Records for the exercise Block Start

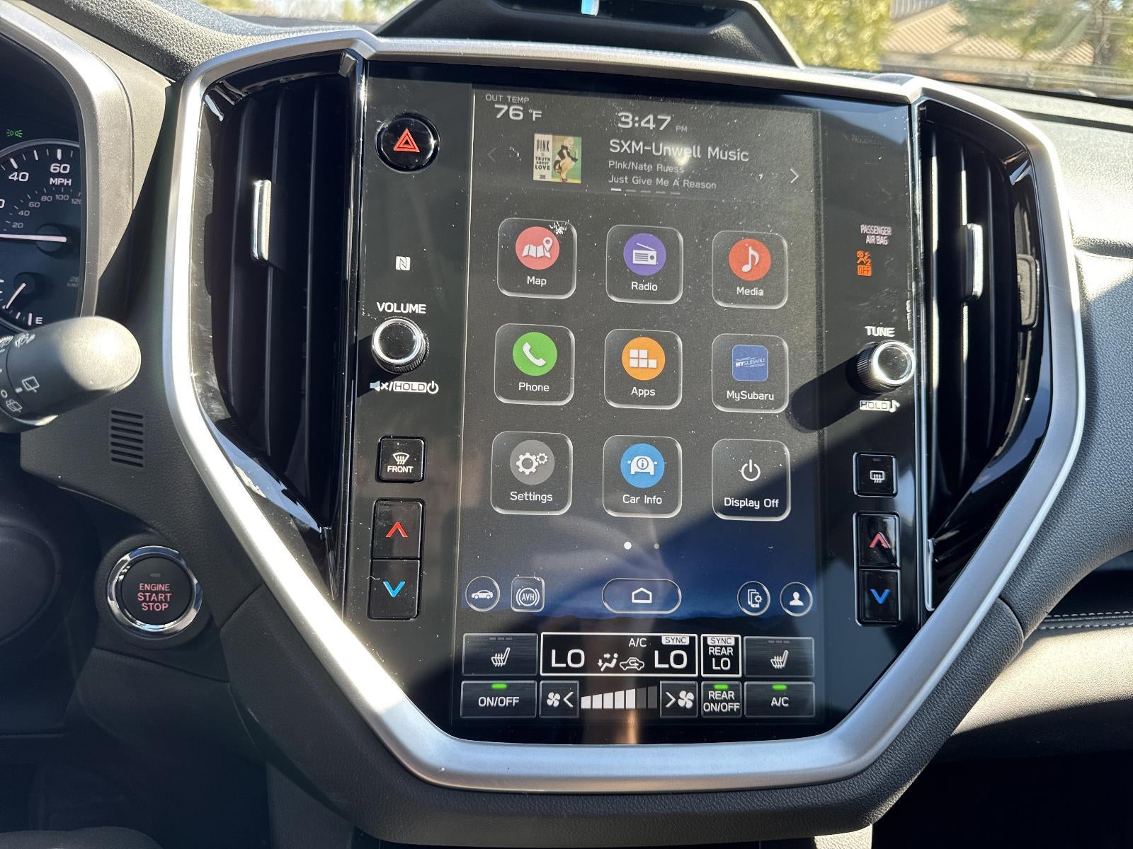 - Radio: Subaru 11.6" Multimedia System w/Navigation -inc: AM/FM stereo HD Radio, multi-touch gesture high resolution display screen, voice activated controls for radio and navigation, Bluetooth® audio streaming and hands-free phone connectivity w/SMS text messaging connectivity (refer to subaru.com for cell phone compatibility), TomTom navigation software w/what3words, iPod control capability, smartphone integration for Android Auto and Apple CarPlay w/full screen view and wireless connection, USB audio system update, audio system control switches, hands-free phone switches and voice command talk switch on steering wheel, harman/kardon quantum logic surround sound speaker system w/14 speakers, subwoofer and harman/kardon 792 watt equivalent maximum output amplifier, illuminated 3.5mm auxiliary input jack, illuminated USB A and C input/charge ports, SiriusXM w/360L (4 months free trial included/subscription required after) and SiriusXM Travel Link (4 months free trial included/subscription required after)
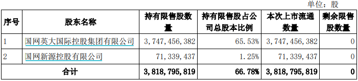 国家电网旗下上市公司国网英大2月28日有38.19亿股定增限售股上市流通,占总股本的66.78%,是解禁前流通盘的2倍,解禁市值195.90亿元。此轮解禁后,公司实现全流通。
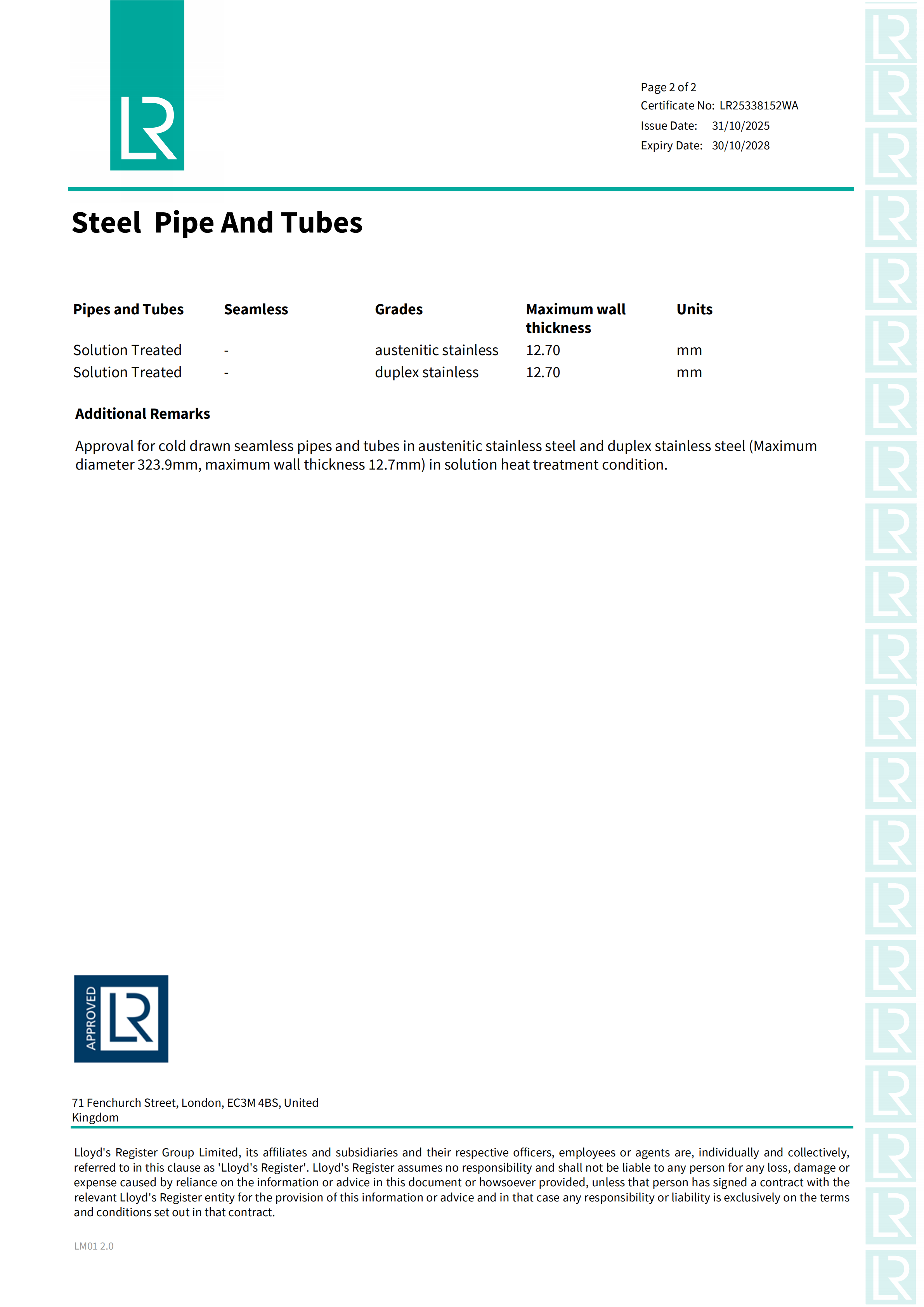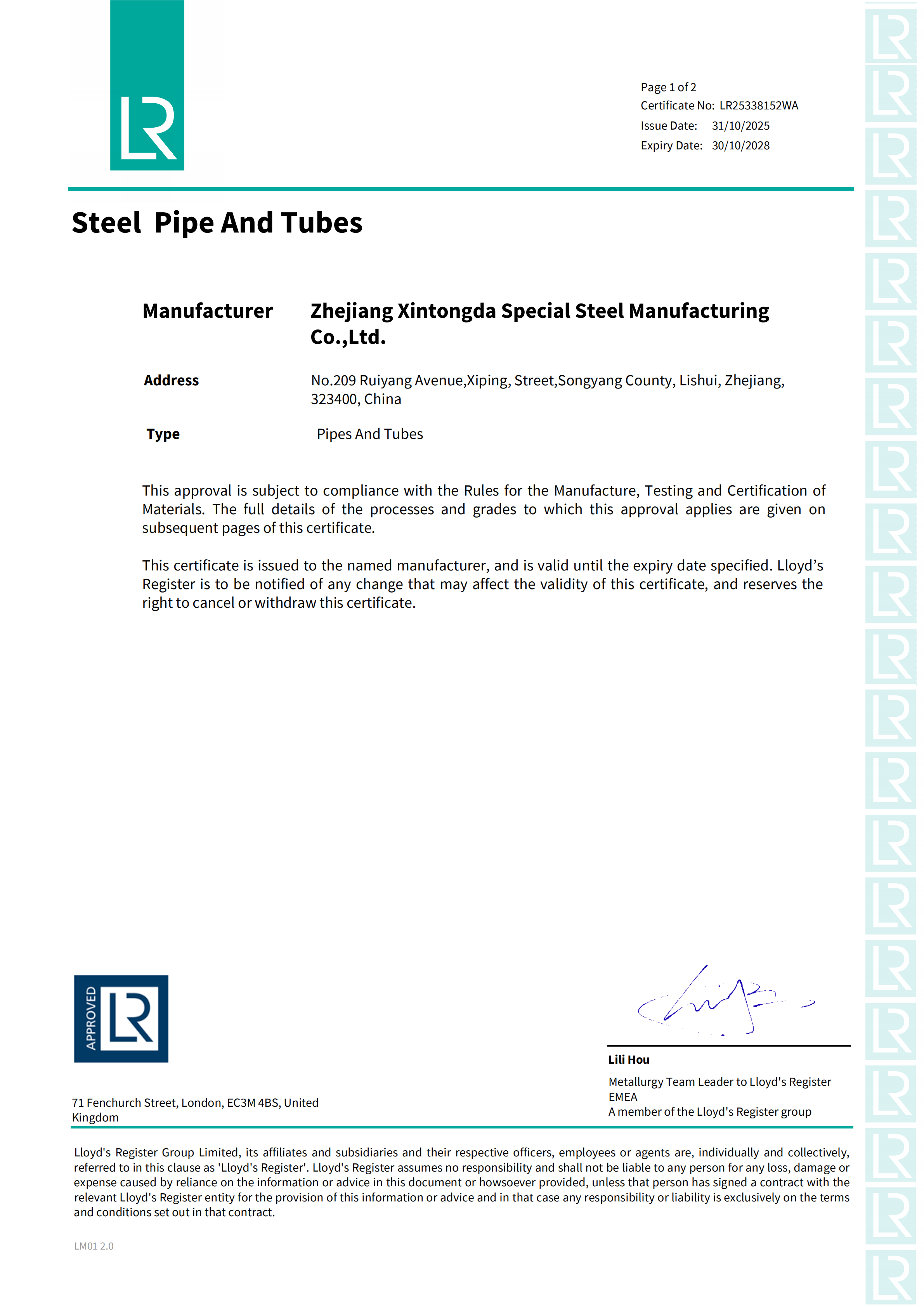 浙江鑫通达深知在关键工业和船舶应用领域,可靠的性能至关重要。秉承“成为世界管道供应商”的愿景,此次劳氏船级社认证进一步增强了我们为船舶行业提供可靠服务的信心。
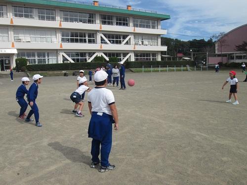 業間の時間に縦割り班遊びが行われました。1年生から6年生が10班に分かれ、鬼ごっこやドッヂボールを仲良く行いました。6年生のリードで、コートかき、チーム分けなど、スムーズにできました。天気も良く、子どもたちはとても気持ちよさそうに活動していました。
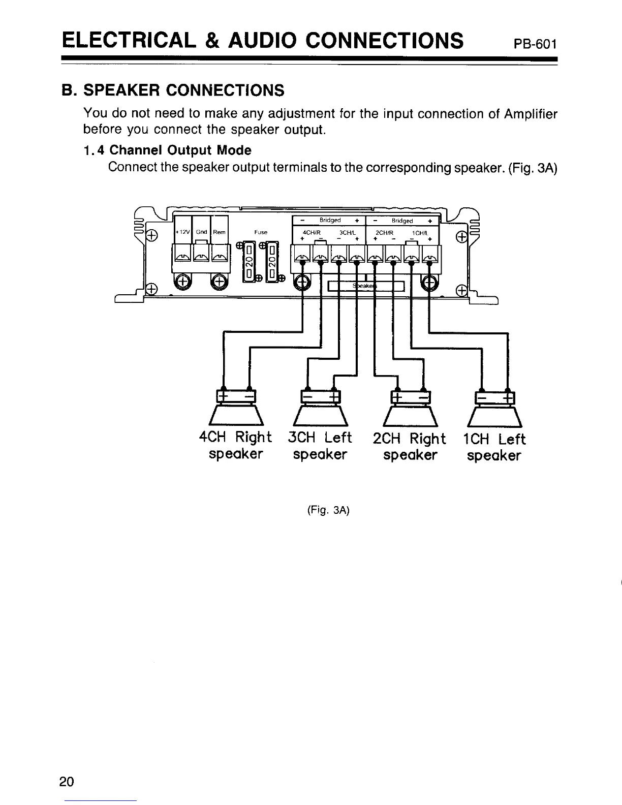 Pyramid PB-101 - Speaker Connections PB-601; 4 Channel Output Mode
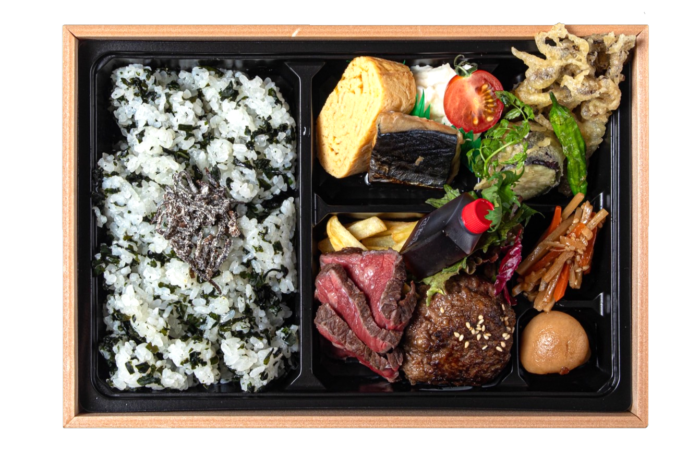 国産牛のランプステーキと名物ハンバーグ、季節の天ぷらなど全9種類のおかずで彩り豊かで豪華なお弁当です。

Records for the exercise Block End

Copy verbatim the span that begins at the line containing "浙江鑫通达深知在关键工业和船" and ends at the last line of the material, inclusive of both; exclude pictures.

 浙江鑫通达深知在关键工业和船舶应用领域,可靠的性能至关重要。秉承“成为世界管道供应商”的愿景,此次劳氏船级社认证进一步增强了我们为船舶行业提供可靠服务的信心。
 業間の時間に縦割り班遊びが行われました。1年生から6年生が10班に分かれ、鬼ごっこやドッヂボールを仲良く行いました。6年生のリードで、コートかき、チーム分けなど、スムーズにできました。天気も良く、子どもたちはとても気持ちよさそうに活動していました。
 Pyramid PB-101 - Speaker Connections PB-601; 4 Channel Output Mode
 国産牛のランプステーキと名物ハンバーグ、季節の天ぷらなど全9種類のおかずで彩り豊かで豪華なお弁当です。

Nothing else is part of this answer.